Serial balansuje na granicy kina rozrywkowego i artystycznego. Wulgarne sceny rodem z Pitbulla, przeplatają się z dziwacznymi wizjami głównego bohatera. A to możemy podziwiać komputerowo zatapianą Warszawę, a to oglądamy stroboskopowy montaż wydarzeń na dyskotece. Każda z tych sekwencji zrealizowana jest świetnie, chociaż efekty komputerowe nie są na poziomie znanym z zagranicznych produkcji. Sceny są pełne nawiązań i cytatów filmowych. Warszawa pokazana w serialu składa się z kontrastów. Oglądamy piękne budynki, mosty i symetryczne oświetlone światłami latarni ulice, po to by za chwilę wejść razem z Kubą do jednego z budynków i zobaczyć brud i zgniliznę. Kamera w bardzo intymny sposób towarzyszy bohaterowi, w większości scen podążając za jego plecami. Mimo iż Kuba jest uosobieniem sopranowskiego strong silent type, twórcom udaje się w zgrabny sposób pokazać, co się dzieje w jego głowie. A dzieje się sporo. Serialowa Warszawa jest chyba najbardziej ohydną wersją stolicy, jaką mogliśmy oglądać w telewizji. Postaci pozytywnych praktycznie brak. Polityk płacący 2000 złotych za działkę narkotyków i narzekający na sejmowy system rozliczeń. Celebryta-raper, kręcący tandetne wideo, przy okazji traktując wszystkich dookoła jak śmieci. Galeria postaci jest barwna, jednak wszystkie budzą odrazę swoim zachowaniem. Co ciekawe każda z postaci wydaje się wzorowana na kimś prawdziwym. Telewizyjny celebryta do złudzenia przypomina króla TVN”, a wytatuowany raper nagrywający youtubowe teledyski nazywa się królem Turcji co od razu przywodzi na myśl pewnego rapera mianującego się królem Albanii. O sprawie znanego celebryty, który potrącił kobietę na pasach, było nie tak dawno głośno . Nawet watek handlarza narkotyków celebrytów brzmi dziwnie znajomo, chociaż serial nie bazuje na tych wydarzeniach a na książce z 2014. Życie dogoniło sztukę.

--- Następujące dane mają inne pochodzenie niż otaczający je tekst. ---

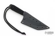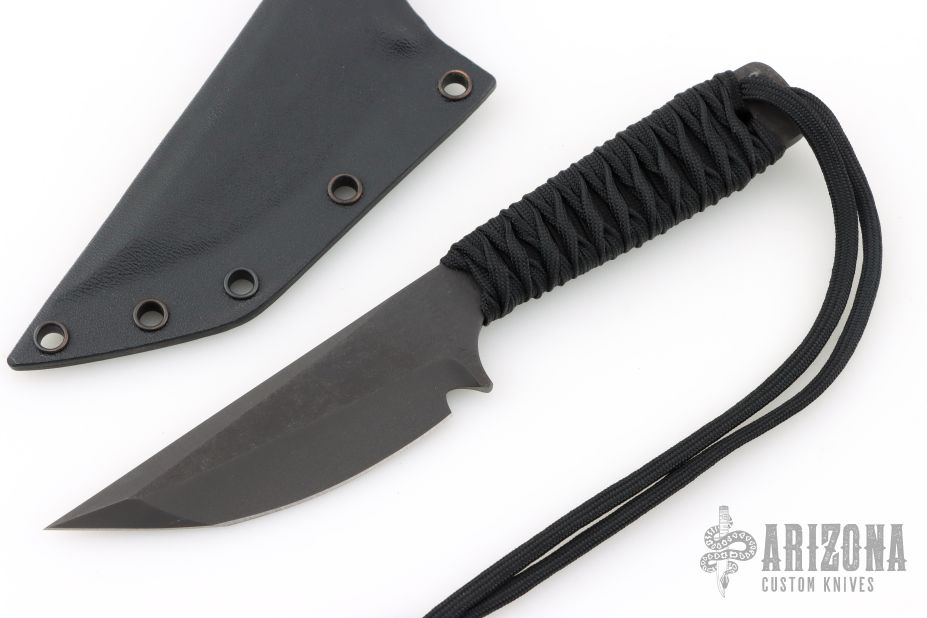 The WP Dub Tanto by Mick Strider features a black blade with false top edge, .219" blade stock and 1.221" blade depth, full tang construction with black cord wrapped handle. Comes with kydex sheath. Excellent condition.
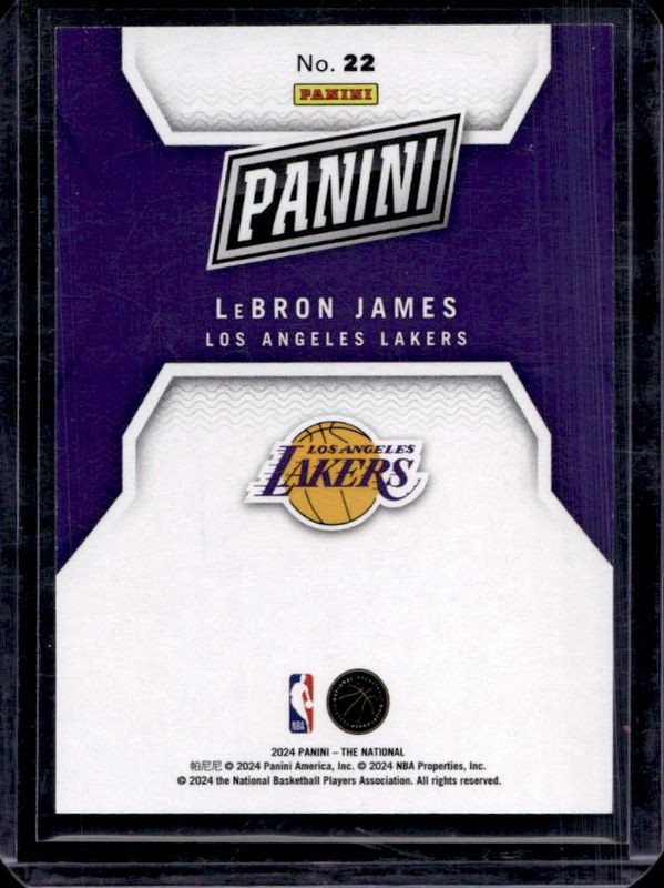 The LeBron James 2024 Panini NSCC Wrapper Redemption #22 Blue /50 card is 1 of 14 LeBron James' card variations in the 2024 Panini NSCC Wrapper Redemption set being tracked by Sports Card Investor, including Base, Foil, Orange /199, Red /99, and Cracked Ice /25.
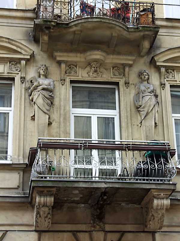 Балкон 2-го поверху Розмір зображення: 600:800 піксел 8 квітня 2012 р. Фото М.І.Жарких. Вкладені елементи Ліва скульптура Права скульптура
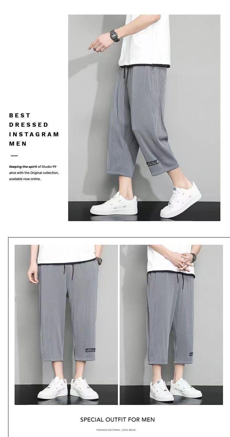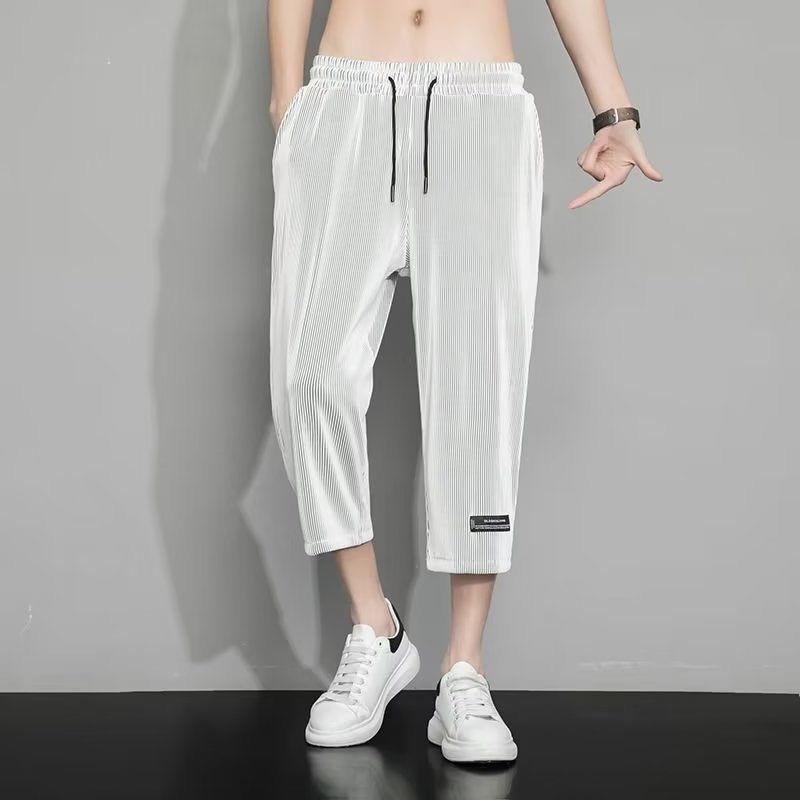 Pantalones de seda de hielo, pantalones cortos para hombre, ligeros, de verano, finos, elásticos, de secado rápido, deportivos, casuales, sueltos, combinables, para jóvenes, a la moda

  Solaris, Stanisław Lem - Recenzja

Aktorstwo jest rewelacyjne. Ciężko znaleźć słabe ogniwo z wyjątkiem głównego bohatera. Grający Kubę, Kamil Nożyński jest debiutantem i to niestety widać. Aktor do dyspozycji ma dwa wyrazy twarzy: w eleganckim garniturze i bez niego. Na dodatek większość swoich dialogów wygłasza monotonnym tonem, jakby był lektorem audiobooka, a nie główną postacią serialu. Jednak co ciekawe mimo tych braków warsztatowych kreacja ta w przewrotny sposób pasuje do chłodnej, introwertycznej i zdystansowanej postaci odtwarzanej na ekranie. Najłatwiej to porównać do wczesnych westernów Clinta Eastwooda, gdzie główny bohater też grał jedną miną, jednak wystarczyło to, aby stworzyć jedne z najbardziej pamiętnych filmów w historii. Prawdziwym złodziejem scen jest Jan Frycz w roli demonicznego Dario. Znany z ról dystyngowanych i opanowanych osób aktor nie szarżował tak od czasów swojej roli w Egoistach. Więckiewicz i Chabior grają solidnie, chociaż powtarzają swoje role z innych filmów. Chabior grał podobną postać w Pitbullu, a Więckiewicz, jest po prostu, nerwowym Więckiewiczem.

Jedną z niewielu wad serialu jest bardzo długie zawiązanie akcji. Pierwsze dwa z ośmiu odcinków sprawiają wrażenie przypadkowych scenek z życia dealera. Dla osób zaznajomionych książką nie będzie to problemem, jednak widz zasiadający do serialu bez tej wiedzy może się zastanawiać czy to wszytko w ogóle do czegoś zmierza. Razić też może niepotrzebna nadużywanie wizji głównego bohatera.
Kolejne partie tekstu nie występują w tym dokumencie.